The study by 78 scientists from 24 countries was published in Nature Geoscience ("Continental-scale temperature variability during the past two millennia") and combined Northern and Southern Hemisphere temperature reconstructions has highlighted the unusual nature of the 20th century warming.
The findings are in stark contrast to the Mediaeval Warm Period and Little Ice Age, which the study revealed did not occur simultaneously across the globe.
The international study led by the Past Global Changes (PAGES) network in Switzerland, included Australian scientists from the University of Melbourne, the ARC Centre of Excellence for Climate System Science at the University of New South Wales and the Australian Antarctic Division.
Co-author of the paper from the University of New South Wales’ ARC Centre of Excellence for Climate System Science, Dr Steven Phipps said the striking feature about the sudden rise in 20th Century global average temperature is that it comes after an overall cooling trend that lasted more than a millennium.
“This work has transformed our understanding of temperatures over the past 2000 years,” he said
“This research shows that in just a century the Earth has reversed 1400 years of cooling.
“Armed with this information, future researchers will able to better understand the causes of climate variability at a regional and global level and help forecast the changes we can expect as our planet warms.”
To reconstruct 2000 years of temperature, the researchers used data from 511 individual proxy records. The majority of these records came from tree ring measurements but also included coral reefs, cave formations, ice cores, lake sediments and some historical documents.
The 2000-year temperature snapshot revealed by the researchers showed a long-term cooling trend before human influences began to become significant. This trend was primarily driven by natural cycles in the Earth's orbit. At the same time there were also natural fluctuations caused by volcanic eruptions and variations in solar activity.
It is these natural variations, and in particular the changes in the Earth’s orbital cycle, that explain why some of the average global temperatures prior to AD 600 were as warm as today. However, none of these natural influences account for the dramatic global temperature rises of the 20th Century.

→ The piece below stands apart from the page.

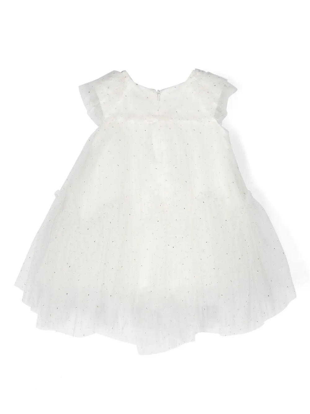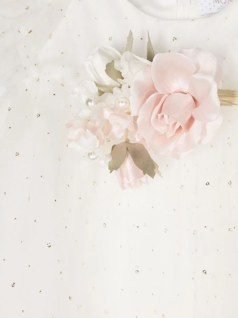 Белый, хлопок, верхний слой из тюля, украшения из горного хрусталя, декор в виде искусственного цветка, круглый вырез, рукава кап и ярусная юбка

Palaeoclimatologist Professor Jonathan Overpeck from the University of Arizona, US who is a Visiting Fellow of the Victorian Centre for Climate Change Adaptation Research at the University of Melbourne and Visiting Scientist with the ARC’s Centre of Excellence For Climate System Science, said the work was very exciting.

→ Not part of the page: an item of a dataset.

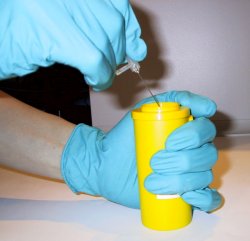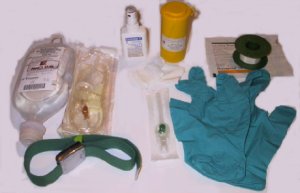 angelegt (Oberarm). Nun sucht sich der Arzt eine geeignete Vene und desinfiziert

“The work has confirmed that there was no period of global warmth similar to that of the last 60 years in the preceding circa 2000 years, and adds to the evidence that the so-called Medieval Warm Period was quite different from the recent period of human-caused warming,” he said.
“This paper has provided confirmation that recent global and continental scale warming was very unusual in recent Earth history, and that this recent warming is driven mostly by human emissions of greenhouse gases.
"The evidence in the paper is overwhelming that Australia will continue to warm, and this means the region will likely also experience more periods of unusual dryness unless global warming is stopped."